Your instructions
All entries are to be printed again exactly, with their images omitted.

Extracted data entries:
──────────────────────────────
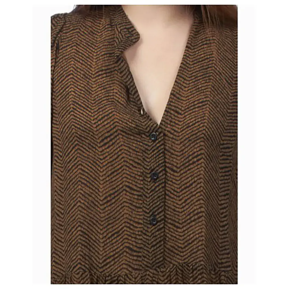 Платье Severine может похвастаться тщательно продуманным дизайном, который подчеркивает различные типы фигуры. Его длина миди достигает универсально выгодной точки ниже колена, удлиняя ноги и создавая изящный силуэт. Длинные рукава обеспечивают дополнительное тепло и защиту, что делает его идеальным для прохладных дней или смены сезонов. Анималистичный принт, вневременной и привлекающий внимание узор, добавляет нотку индивидуальности и стиля, гарантируя, что вы выделитесь из толпы.
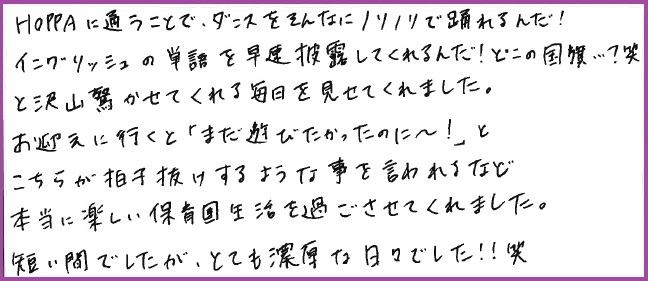 HOPPAに通うことで、「ダンスをそんなにノリノリで踊れるんだ!」「Englishの単語を早速披露してくれるんだ!」「どこの国旗…?笑」と沢山驚かせてくれる毎日を見せてくれました。
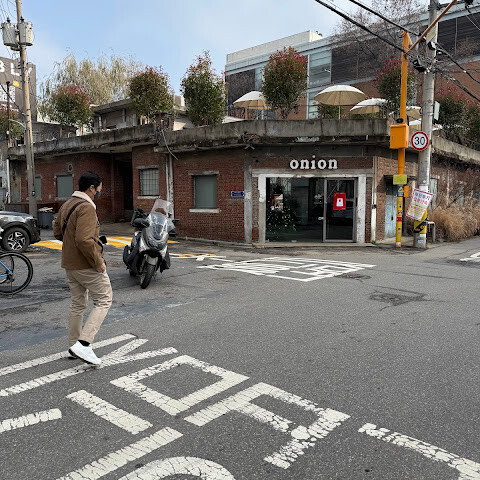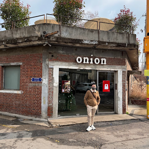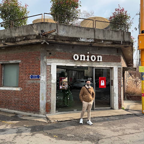 성수동역 근처에 있는 가게예요. 오래된 창고를 개조해서 만든 거라 특별히 눈에 띄는 인테리어는 없어요. 서울 곳곳에 지점이 많은 유명한 어니언 체인점 중 하나예요. 아메리아노랑 유명한 판도로 케이크를 먹어봤는데, 케이크 카운터는 정말 멋진데 케이크가 너무 커서 혼자 먹기 힘들어서 안 샀어요. 한 접시당 5,000~7,000원 정도!
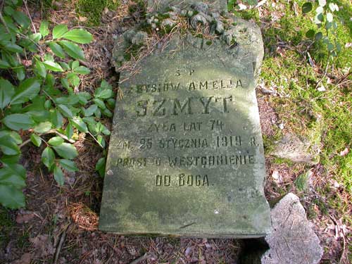 Inschrift: S.P. | z Bysiów Amelia | Szmyt | zyla lat 74 | zm. 25. Stycznia 1918 R. | Prosi o wostchnienie | do Boga
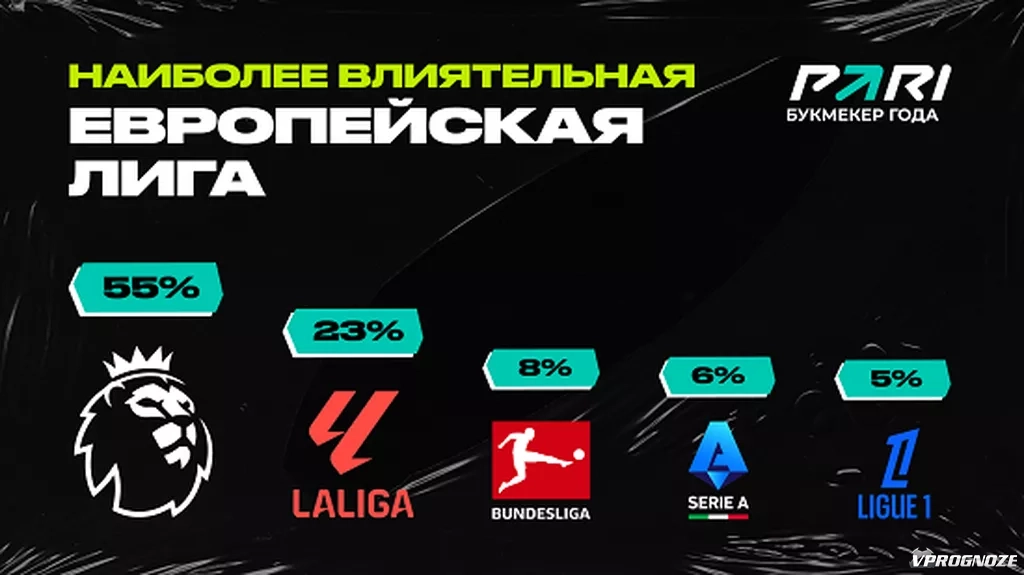 Самой конкурентной участники исследования с большим отрывом считают английскую лигу — ее назвали 55%. 15% респондентов считают наивысшей конкуренцию в чемпионате Германии, по 13% упомянули Серию А и испанскую Ла Лигу. 5% выбрали чемпионат Франции, 1% остановил свой выбор на других европейских чемпионатах.
──────────────────────────────
Answer below
 Платье Severine может похвастаться тщательно продуманным дизайном, который подчеркивает различные типы фигуры. Его длина миди достигает универсально выгодной точки ниже колена, удлиняя ноги и создавая изящный силуэт. Длинные рукава обеспечивают дополнительное тепло и защиту, что делает его идеальным для прохладных дней или смены сезонов. Анималистичный принт, вневременной и привлекающий внимание узор, добавляет нотку индивидуальности и стиля, гарантируя, что вы выделитесь из толпы.
 HOPPAに通うことで、「ダンスをそんなにノリノリで踊れるんだ!」「Englishの単語を早速披露してくれるんだ!」「どこの国旗…?笑」と沢山驚かせてくれる毎日を見せてくれました。
 성수동역 근처에 있는 가게예요. 오래된 창고를 개조해서 만든 거라 특별히 눈에 띄는 인테리어는 없어요. 서울 곳곳에 지점이 많은 유명한 어니언 체인점 중 하나예요. 아메리아노랑 유명한 판도로 케이크를 먹어봤는데, 케이크 카운터는 정말 멋진데 케이크가 너무 커서 혼자 먹기 힘들어서 안 샀어요. 한 접시당 5,000~7,000원 정도!
 Inschrift: S.P. | z Bysiów Amelia | Szmyt | zyla lat 74 | zm. 25. Stycznia 1918 R. | Prosi o wostchnienie | do Boga
 Самой конкурентной участники исследования с большим отрывом считают английскую лигу — ее назвали 55%. 15% респондентов считают наивысшей конкуренцию в чемпионате Германии, по 13% упомянули Серию А и испанскую Ла Лигу. 5% выбрали чемпионат Франции, 1% остановил свой выбор на других европейских чемпионатах.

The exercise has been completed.